L’équipe de Kellet trouvera « l’Investigator « et ramenera l’équipage en Angleterre, prouvant que le passage était réalisable sans obstruction de glace.


>> Roald Amundsen
L’idée que le passage du Nord Ouest était impraticable persista durant prés de 50 ans après cette période d’intense recherche de l’expédition Franklin, jusqu’à ce que Roald Amundsen, Norvégien, se lance à nouveau dans une tentative qui allait cette fois si aboutir, en trois ans, à la découverte d’un passage maritime entre l’atlantique et le Pacifique par le nord du Canada. Sous l’influence de Fritjof Nansen, alors figure
emblématique des explorations polaires, le cotre la « Gjoa » quitte Oslo le 16 juin 1903 avec 7 hommes d’équipage en direction du cap Farewell, monte jusqu’à la baie de Melville et s’engage dans le Lancaster.

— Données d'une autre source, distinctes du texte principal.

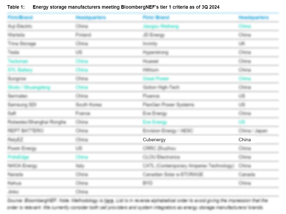 Q3 2024 BNF Tier 1 | 库博能源获评全球一级储能供应商

Après avoir connu plusieurs talonnages qui auraient pu lui être fatal au nord de l’île Matty (69°29’N-95°40’W), et un début d’incendies dans la cale moteur, la « Gjoa » trouve un lieu d’hivernage sur l’île du roi Guillaume. Commence alors une attente de 23 mois qui vont être l’occasion pour Amundsen et son équipage d’effectuer plusieurs recherches sur le magnétisme, ainsi que sur la reconnaissance des terres environnantes et sur la
 
connaissance du peuple Inuit. Le 12 août 1905, la « Gjoa » quittait la petite baie qui porte aujourd’hui le nom de Gjoa Haven (68°38’N-95°52’W) pour se diriger vers l’ouest, et après un second hivernage un peu après l’embouchure du fleuve Mackenzie, la « Gjoa » pu enfin franchir le détroit de Béring. Roald Amundsen et son équipage devenaient les premiers hommes à franchir le passage du Nord Ouest.


Sources:
Alain Fillion.
« à la recherche de l’expédition Franklin disparue dans l’archipel arctique ».
Editions du Félin 2007. Collection Les marches du temps.

Amiral Cornuault.
« Les forceurs du passage du nord-ouest ».
Editions france-empire 1971.
Sailing Directions. Arctic Canada. Pêches et Océans. Volume 1.